After the First Regular Session of the 129th Maine Legislature came to a close, Governor Janet Mills vetoed two bills that would have expanded the scope and power of organized labor in the state. These are two of just seven bills the governor has vetoed thus far, which pales in comparison to her predecessor. Former Governor Paul LePage issued far more vetoes than the previous 19 governors combined over his eight year tenure.
In her veto message for LD 1177, Governor Mills picked apart the bill, which would have required binding arbitration for the salaries, pensions and insurance of public-sector employees. Governor Mills made the case for protecting the taxpayer from unelected private arbitrators, mentioning that giving them the power to bargain would be “contrary to the principle of representative democracy” and would “forfeit a fundamental function and responsibility of our school boards, city councils, town select boards, boards of trustees and governmental branch leaders.”
This is true — an arbitrator is not accountable to state and local officials, nor to the taxpayers who are footing the bill. An arbitrator’s decision, even if based on weak evidence or fallacious reasoning, can rarely be reviewed by elected officials or a court.
Binding arbitration benefits public-sector unions more than public employers or taxpayers. Most decisions by an arbitrator are a “win-win” for public-sector unions since they will never award a settlement less than management’s final offer. So the union is guaranteed to get at least some of its demands and will never come out worse than when it went in. The only check on the union’s demands is the judgment of the arbitrator, who usually has little incentive to hold down costs for taxpayers or consider the government’s fiscal health when deciding on the terms of the new contract.
Another union bill, LD 240, was also vetoed by Governor Mills. This bill would have made teacher planning and preparation subject to collective bargaining between unions and employers. The bill also states that planning and preparation would not be considered matters of educational policy, which is currently exempt from collective bargaining. Governor Mills vetoed this bill because it conflicts with existing precedent from both the Maine Labor Relations Board and the Maine Supreme Judicial Court that deems teacher planning and preparation as educational policy.
This is a good veto because LD 240 likely would have had a negative impact on students. Collective bargaining agents primarily advocate for teachers and policies that may “benefit” them, despite the possible negative consequences on students and their families.
Once the Maine Education Association (MEA) discovered the Governor vetoed those bills, they sent a message to their members condemning the decision.
LD 240 would have expanded the scope of negotiations for the MEA, giving them more leverage and area to work with in negotiations.
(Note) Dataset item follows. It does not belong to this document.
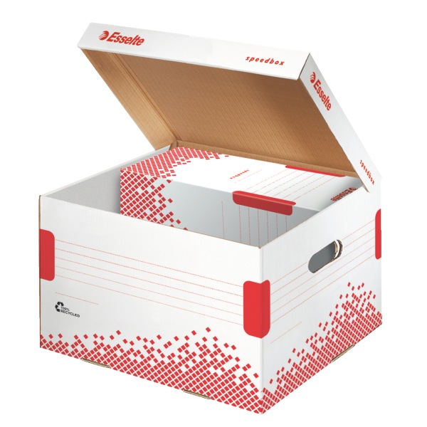 Pudła Esselte Speedbox - nowe rozwiązanie do archiwizacji. Pudła i kontenery Esselte Speedbox zapewniają oszczędność czasu i wysiłku.

Put differently, it would allow collective bargaining agents to use teacher preparation and planning as another bargaining chip when negotiating with employers, even if these decisions negatively impacted students.
If enacted, these bills would have increased the amount of power wielded by the MEA and other government unions that negotiate on behalf of public-sector employees. With her veto pen in hand, Governor Mills made a good decision by rejecting these bills.